> **Task input**:
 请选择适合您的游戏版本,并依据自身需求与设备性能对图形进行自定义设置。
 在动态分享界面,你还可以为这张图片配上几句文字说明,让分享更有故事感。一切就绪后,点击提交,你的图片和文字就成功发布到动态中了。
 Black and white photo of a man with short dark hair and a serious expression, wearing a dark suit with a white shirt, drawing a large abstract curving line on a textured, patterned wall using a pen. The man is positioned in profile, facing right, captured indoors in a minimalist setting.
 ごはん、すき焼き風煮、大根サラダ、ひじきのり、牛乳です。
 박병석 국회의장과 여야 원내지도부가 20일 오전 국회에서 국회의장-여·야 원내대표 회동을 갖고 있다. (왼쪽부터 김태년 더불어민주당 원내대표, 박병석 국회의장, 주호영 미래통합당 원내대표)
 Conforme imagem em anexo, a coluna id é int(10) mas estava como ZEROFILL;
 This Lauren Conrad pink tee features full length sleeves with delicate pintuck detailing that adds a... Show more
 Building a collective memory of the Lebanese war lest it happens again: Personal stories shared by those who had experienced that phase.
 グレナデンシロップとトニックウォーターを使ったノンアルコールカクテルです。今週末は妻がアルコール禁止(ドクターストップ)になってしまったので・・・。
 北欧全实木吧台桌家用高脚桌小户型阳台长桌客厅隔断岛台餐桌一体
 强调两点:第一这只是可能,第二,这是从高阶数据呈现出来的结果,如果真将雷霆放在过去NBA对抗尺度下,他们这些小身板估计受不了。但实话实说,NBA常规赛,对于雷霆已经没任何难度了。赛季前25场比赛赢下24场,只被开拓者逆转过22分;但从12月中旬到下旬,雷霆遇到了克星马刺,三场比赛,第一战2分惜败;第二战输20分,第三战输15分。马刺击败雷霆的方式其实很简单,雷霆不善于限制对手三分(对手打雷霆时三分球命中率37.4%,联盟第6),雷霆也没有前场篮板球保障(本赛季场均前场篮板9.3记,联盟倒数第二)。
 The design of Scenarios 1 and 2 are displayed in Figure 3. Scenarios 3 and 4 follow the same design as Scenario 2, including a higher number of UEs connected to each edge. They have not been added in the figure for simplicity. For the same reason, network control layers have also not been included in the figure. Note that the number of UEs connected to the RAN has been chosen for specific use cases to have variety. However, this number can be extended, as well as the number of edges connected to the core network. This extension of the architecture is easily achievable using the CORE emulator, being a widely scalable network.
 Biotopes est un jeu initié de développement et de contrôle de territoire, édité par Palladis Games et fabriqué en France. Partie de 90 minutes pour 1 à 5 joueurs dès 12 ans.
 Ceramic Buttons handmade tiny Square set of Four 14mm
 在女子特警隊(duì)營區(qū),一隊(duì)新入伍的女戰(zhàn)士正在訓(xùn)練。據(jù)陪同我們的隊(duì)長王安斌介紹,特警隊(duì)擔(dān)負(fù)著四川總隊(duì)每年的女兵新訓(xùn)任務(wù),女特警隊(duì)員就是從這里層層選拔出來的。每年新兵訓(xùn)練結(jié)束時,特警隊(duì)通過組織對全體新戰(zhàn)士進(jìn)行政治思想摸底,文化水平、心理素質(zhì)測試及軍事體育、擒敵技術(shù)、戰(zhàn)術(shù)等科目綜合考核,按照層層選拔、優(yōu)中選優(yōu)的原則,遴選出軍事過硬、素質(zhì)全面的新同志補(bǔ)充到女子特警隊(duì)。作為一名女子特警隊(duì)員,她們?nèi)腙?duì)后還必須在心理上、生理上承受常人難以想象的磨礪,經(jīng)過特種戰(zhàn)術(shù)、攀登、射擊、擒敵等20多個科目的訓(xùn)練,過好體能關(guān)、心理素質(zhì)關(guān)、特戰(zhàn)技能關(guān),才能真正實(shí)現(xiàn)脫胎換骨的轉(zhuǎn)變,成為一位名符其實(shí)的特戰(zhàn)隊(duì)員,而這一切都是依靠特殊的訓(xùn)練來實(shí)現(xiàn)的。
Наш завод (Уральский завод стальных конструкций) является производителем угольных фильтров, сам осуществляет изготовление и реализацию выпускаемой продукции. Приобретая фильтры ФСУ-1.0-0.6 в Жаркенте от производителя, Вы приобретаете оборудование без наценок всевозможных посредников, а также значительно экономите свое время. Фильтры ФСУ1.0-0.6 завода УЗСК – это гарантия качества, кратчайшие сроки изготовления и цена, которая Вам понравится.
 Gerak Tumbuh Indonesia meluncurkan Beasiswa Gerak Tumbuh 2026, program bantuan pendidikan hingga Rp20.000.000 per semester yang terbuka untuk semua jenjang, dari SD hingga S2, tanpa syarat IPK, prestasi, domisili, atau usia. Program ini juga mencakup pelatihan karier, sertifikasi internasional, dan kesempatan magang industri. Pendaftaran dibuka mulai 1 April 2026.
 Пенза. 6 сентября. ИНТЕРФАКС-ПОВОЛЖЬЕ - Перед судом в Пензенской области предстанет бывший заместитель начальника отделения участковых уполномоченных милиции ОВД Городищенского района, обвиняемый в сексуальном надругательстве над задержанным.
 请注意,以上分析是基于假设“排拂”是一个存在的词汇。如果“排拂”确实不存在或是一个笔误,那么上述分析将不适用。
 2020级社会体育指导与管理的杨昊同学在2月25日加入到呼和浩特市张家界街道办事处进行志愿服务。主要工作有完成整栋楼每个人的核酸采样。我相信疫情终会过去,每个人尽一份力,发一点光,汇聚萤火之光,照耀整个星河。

> **Goal of the exercise**:
Retype the records above in full. Every word should match.

> **Result for this exercise**:
 请选择适合您的游戏版本,并依据自身需求与设备性能对图形进行自定义设置。
 在动态分享界面,你还可以为这张图片配上几句文字说明,让分享更有故事感。一切就绪后,点击提交,你的图片和文字就成功发布到动态中了。
 Black and white photo of a man with short dark hair and a serious expression, wearing a dark suit with a white shirt, drawing a large abstract curving line on a textured, patterned wall using a pen. The man is positioned in profile, facing right, captured indoors in a minimalist setting.
 ごはん、すき焼き風煮、大根サラダ、ひじきのり、牛乳です。
 박병석 국회의장과 여야 원내지도부가 20일 오전 국회에서 국회의장-여·야 원내대표 회동을 갖고 있다. (왼쪽부터 김태년 더불어민주당 원내대표, 박병석 국회의장, 주호영 미래통합당 원내대표)
 Conforme imagem em anexo, a coluna id é int(10) mas estava como ZEROFILL;
 This Lauren Conrad pink tee features full length sleeves with delicate pintuck detailing that adds a... Show more
 Building a collective memory of the Lebanese war lest it happens again: Personal stories shared by those who had experienced that phase.
 グレナデンシロップとトニックウォーターを使ったノンアルコールカクテルです。今週末は妻がアルコール禁止(ドクターストップ)になってしまったので・・・。
 北欧全实木吧台桌家用高脚桌小户型阳台长桌客厅隔断岛台餐桌一体
 强调两点:第一这只是可能,第二,这是从高阶数据呈现出来的结果,如果真将雷霆放在过去NBA对抗尺度下,他们这些小身板估计受不了。但实话实说,NBA常规赛,对于雷霆已经没任何难度了。赛季前25场比赛赢下24场,只被开拓者逆转过22分;但从12月中旬到下旬,雷霆遇到了克星马刺,三场比赛,第一战2分惜败;第二战输20分,第三战输15分。马刺击败雷霆的方式其实很简单,雷霆不善于限制对手三分(对手打雷霆时三分球命中率37.4%,联盟第6),雷霆也没有前场篮板球保障(本赛季场均前场篮板9.3记,联盟倒数第二)。
 The design of Scenarios 1 and 2 are displayed in Figure 3. Scenarios 3 and 4 follow the same design as Scenario 2, including a higher number of UEs connected to each edge. They have not been added in the figure for simplicity. For the same reason, network control layers have also not been included in the figure. Note that the number of UEs connected to the RAN has been chosen for specific use cases to have variety. However, this number can be extended, as well as the number of edges connected to the core network. This extension of the architecture is easily achievable using the CORE emulator, being a widely scalable network.
 Biotopes est un jeu initié de développement et de contrôle de territoire, édité par Palladis Games et fabriqué en France. Partie de 90 minutes pour 1 à 5 joueurs dès 12 ans.
 Ceramic Buttons handmade tiny Square set of Four 14mm
 在女子特警隊(duì)營區(qū),一隊(duì)新入伍的女戰(zhàn)士正在訓(xùn)練。據(jù)陪同我們的隊(duì)長王安斌介紹,特警隊(duì)擔(dān)負(fù)著四川總隊(duì)每年的女兵新訓(xùn)任務(wù),女特警隊(duì)員就是從這里層層選拔出來的。每年新兵訓(xùn)練結(jié)束時,特警隊(duì)通過組織對全體新戰(zhàn)士進(jìn)行政治思想摸底,文化水平、心理素質(zhì)測試及軍事體育、擒敵技術(shù)、戰(zhàn)術(shù)等科目綜合考核,按照層層選拔、優(yōu)中選優(yōu)的原則,遴選出軍事過硬、素質(zhì)全面的新同志補(bǔ)充到女子特警隊(duì)。作為一名女子特警隊(duì)員,她們?nèi)腙?duì)后還必須在心理上、生理上承受常人難以想象的磨礪,經(jīng)過特種戰(zhàn)術(shù)、攀登、射擊、擒敵等20多個科目的訓(xùn)練,過好體能關(guān)、心理素質(zhì)關(guān)、特戰(zhàn)技能關(guān),才能真正實(shí)現(xiàn)脫胎換骨的轉(zhuǎn)變,成為一位名符其實(shí)的特戰(zhàn)隊(duì)員,而這一切都是依靠特殊的訓(xùn)練來實(shí)現(xiàn)的。
Наш завод (Уральский завод стальных конструкций) является производителем угольных фильтров, сам осуществляет изготовление и реализацию выпускаемой продукции. Приобретая фильтры ФСУ-1.0-0.6 в Жаркенте от производителя, Вы приобретаете оборудование без наценок всевозможных посредников, а также значительно экономите свое время. Фильтры ФСУ1.0-0.6 завода УЗСК – это гарантия качества, кратчайшие сроки изготовления и цена, которая Вам понравится.
 Gerak Tumbuh Indonesia meluncurkan Beasiswa Gerak Tumbuh 2026, program bantuan pendidikan hingga Rp20.000.000 per semester yang terbuka untuk semua jenjang, dari SD hingga S2, tanpa syarat IPK, prestasi, domisili, atau usia. Program ini juga mencakup pelatihan karier, sertifikasi internasional, dan kesempatan magang industri. Pendaftaran dibuka mulai 1 April 2026.
 Пенза. 6 сентября. ИНТЕРФАКС-ПОВОЛЖЬЕ - Перед судом в Пензенской области предстанет бывший заместитель начальника отделения участковых уполномоченных милиции ОВД Городищенского района, обвиняемый в сексуальном надругательстве над задержанным.
 请注意,以上分析是基于假设“排拂”是一个存在的词汇。如果“排拂”确实不存在或是一个笔误,那么上述分析将不适用。
 2020级社会体育指导与管理的杨昊同学在2月25日加入到呼和浩特市张家界街道办事处进行志愿服务。主要工作有完成整栋楼每个人的核酸采样。我相信疫情终会过去,每个人尽一份力,发一点光,汇聚萤火之光,照耀整个星河。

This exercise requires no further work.